Moral Issue of Capital Punishment
Arguing on the matters of the psychological condition of the condemned men it is impossible not to touch upon the moral issues of Capital punishment. The behavior of some episodic characters points out the righteousness of the execution (attendees of the execution and lawyer, involved in Coffey’s case). However, the necessity of capital punishment is seriously doubted: it is shown on the example of Eduard Delacroix, who seemed to be able to reform, and on the brightest example of John Coffey, who was not guilty. The psychological images of these characters claim for watchers’ sympathy. This sympathy becomes a part of the allover psychological background of the movie.
The practical result on the living, surely, is far from the only issue of capital punishment. However, discussing the righteousness of capital punishment we can not miss such questions as: Can the deliberate taking of human life ever be justified? What are the long-range consequences to a society that tolerates or encourages legalized murder? And lots of others. These questions are not risen directly in the movie, however, the atmosphere and the feelings that the movie produces make the audience think these issues over.
The psychological condition of the analyzed characters can not be described as stable. Some of them are calm and accept their death with dignity. Eduard Delacroix is subjected to agonizing death because of an intentional mistake. John Coffey is glad to die, as he no longer wants to feel the pain of the world.
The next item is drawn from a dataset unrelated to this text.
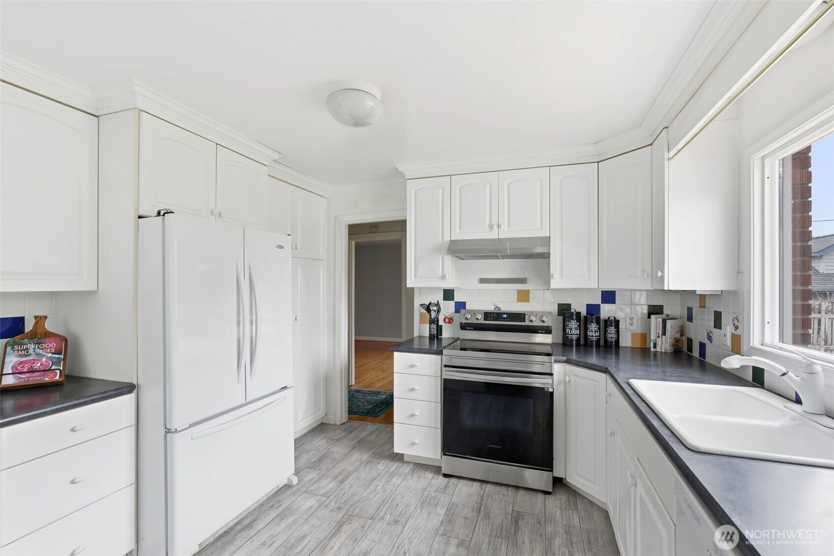 Charming mid-century brick home with 3 bedrooms and 2 baths, offering 2,652 sq ft of living space just a short walk to Centralia College and close to all major amenities. Enjoy spacious rooms with hardwood floors, a cozy wood-burning fireplace in the living room, and a kitchen with eating area. Features include an office, bonus room, covered ceilings, and elegant arched doorways. Step outside to a deck, fenced yard, and raised garden beds, plus a detached one-bay garage/workshop. The basement offers a partially finished room with a 3/4 bath and plenty of potential to create even more living space. A perfect blend of character, charm, and opportunity!

However, the common feature that unites all three characters who were executed on the Old Sparky is the readiness to carry their punishment, whatever strict it be.
The psychological conclusion that should be made is that violence breeds violence. Thus, the statistics show that the average murder rate in the twelve states without the death penalty is essentially lower than the average homicide rate in the states where capital punishment is legal.
Bedau, Hugo Adam, ed. The Death Penalty in America An Anthology. Chicago: Aldine Publishing, 1964.
Elliott R. Law and Human Behavior Social Science Data and the APA: the Lockhart Brief as a Case in Point, 15, (1991), pp. 59-76.
Hood, Roger. The Death Penalty A World-Wide Perspective. 2nd ed. Oxford: Clarendon Press, 1996.
Shipley, Thorne, ed. Classics in Psychology. New York: Philosophical Library, 1961.